-- Task data --
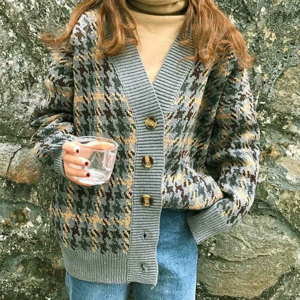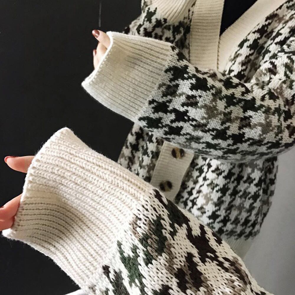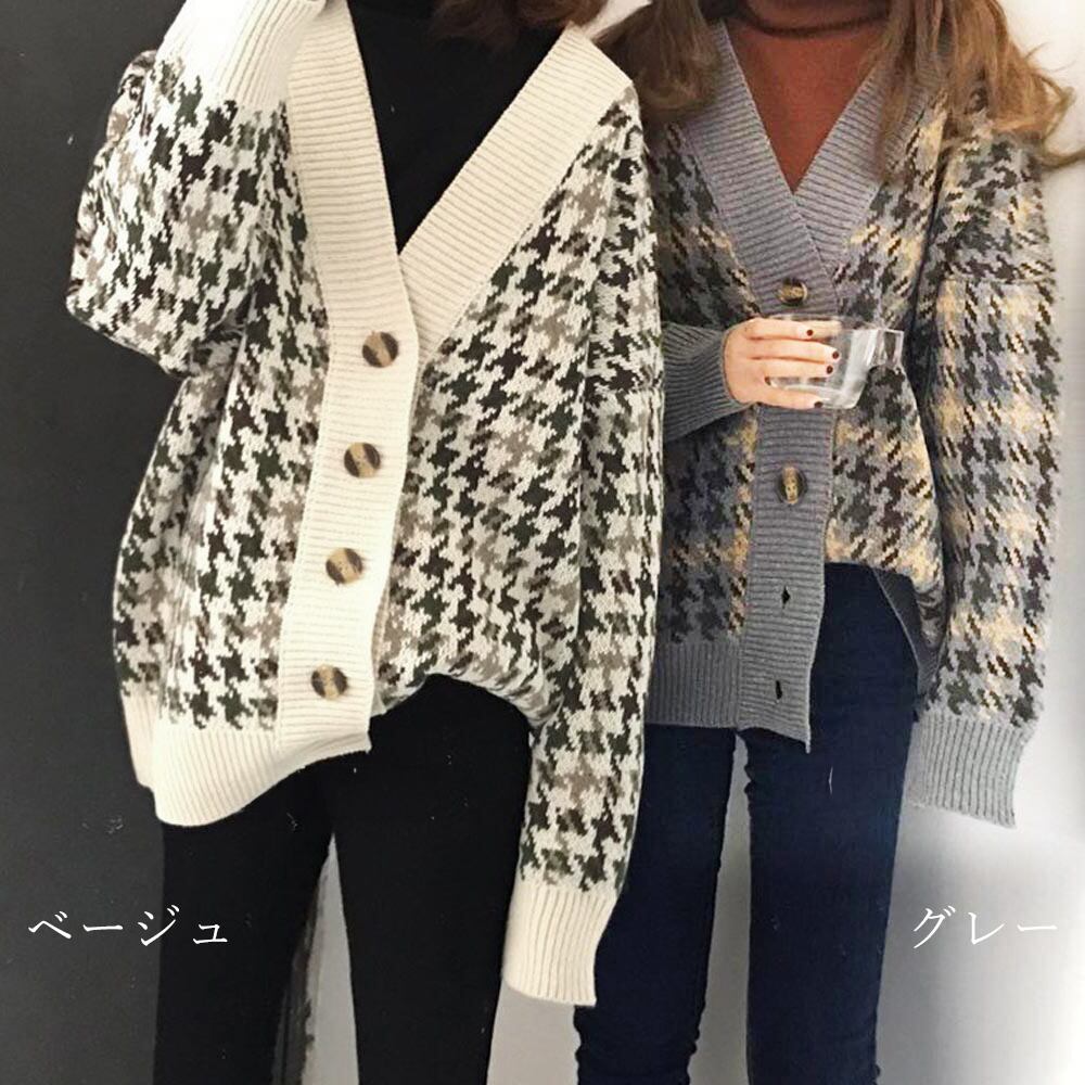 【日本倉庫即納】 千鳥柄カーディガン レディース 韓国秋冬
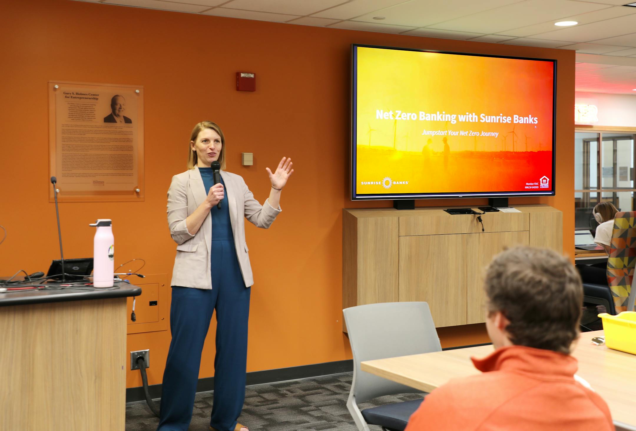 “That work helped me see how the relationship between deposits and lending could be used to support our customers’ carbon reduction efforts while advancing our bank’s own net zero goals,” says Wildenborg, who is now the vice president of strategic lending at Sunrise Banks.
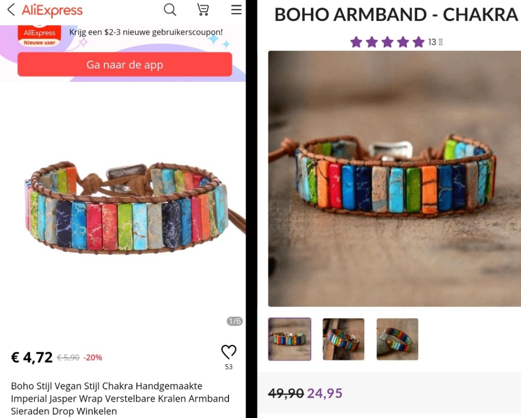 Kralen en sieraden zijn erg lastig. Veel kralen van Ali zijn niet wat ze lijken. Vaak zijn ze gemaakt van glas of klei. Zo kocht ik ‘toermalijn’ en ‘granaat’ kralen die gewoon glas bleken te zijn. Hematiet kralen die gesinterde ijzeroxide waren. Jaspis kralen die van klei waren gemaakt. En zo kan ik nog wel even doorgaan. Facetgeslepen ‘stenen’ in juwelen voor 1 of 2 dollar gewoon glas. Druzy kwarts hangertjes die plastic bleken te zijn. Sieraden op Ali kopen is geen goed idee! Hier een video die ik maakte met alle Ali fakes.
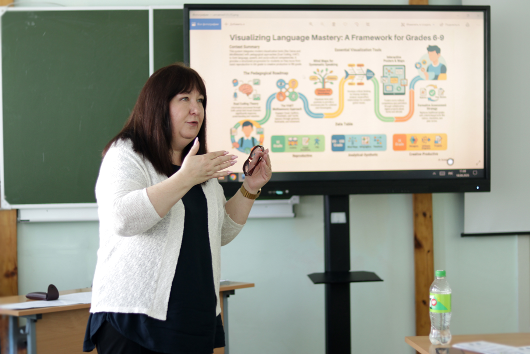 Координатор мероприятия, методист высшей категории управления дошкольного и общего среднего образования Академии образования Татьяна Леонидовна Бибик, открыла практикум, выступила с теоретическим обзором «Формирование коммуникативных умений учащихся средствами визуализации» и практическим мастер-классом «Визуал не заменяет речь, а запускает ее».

...

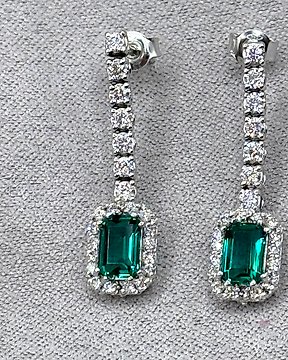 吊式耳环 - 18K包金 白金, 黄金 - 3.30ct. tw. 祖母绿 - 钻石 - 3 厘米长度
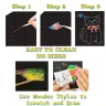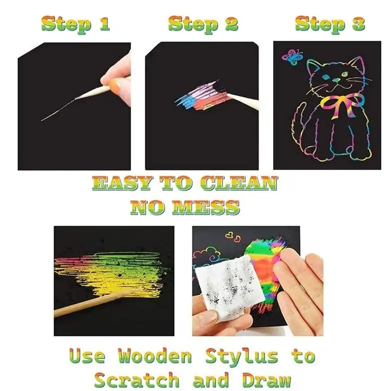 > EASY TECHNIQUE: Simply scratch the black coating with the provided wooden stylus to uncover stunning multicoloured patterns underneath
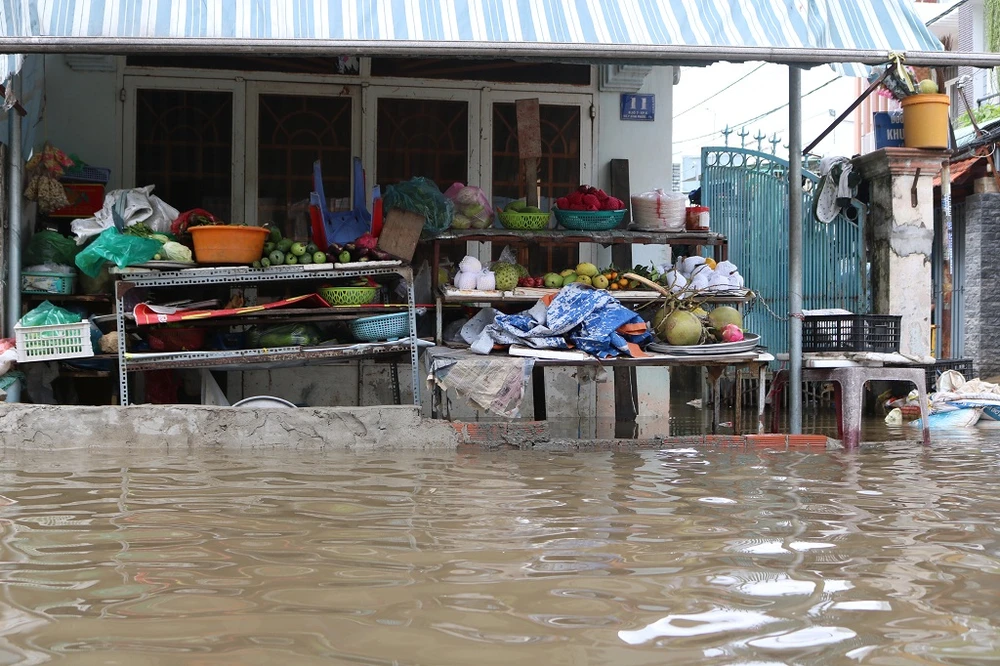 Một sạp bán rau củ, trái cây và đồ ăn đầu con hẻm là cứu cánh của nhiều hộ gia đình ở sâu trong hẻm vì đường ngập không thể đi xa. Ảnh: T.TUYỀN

==

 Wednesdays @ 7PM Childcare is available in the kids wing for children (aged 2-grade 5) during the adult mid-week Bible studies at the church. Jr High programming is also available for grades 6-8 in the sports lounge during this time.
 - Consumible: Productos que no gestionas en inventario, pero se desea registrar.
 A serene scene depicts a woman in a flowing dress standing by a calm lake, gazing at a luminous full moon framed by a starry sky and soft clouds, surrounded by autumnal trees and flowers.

-- What the exercise asks --
Return the stretch of data that begins with the line showing "千鳥柄カーディガン レディース 韓国秋冬" and goes on through the line showing "at Sunrise Banks.", exactly, with pictures removed.

-- Response --
 【日本倉庫即納】 千鳥柄カーディガン レディース 韓国秋冬
 “That work helped me see how the relationship between deposits and lending could be used to support our customers’ carbon reduction efforts while advancing our bank’s own net zero goals,” says Wildenborg, who is now the vice president of strategic lending at Sunrise Banks.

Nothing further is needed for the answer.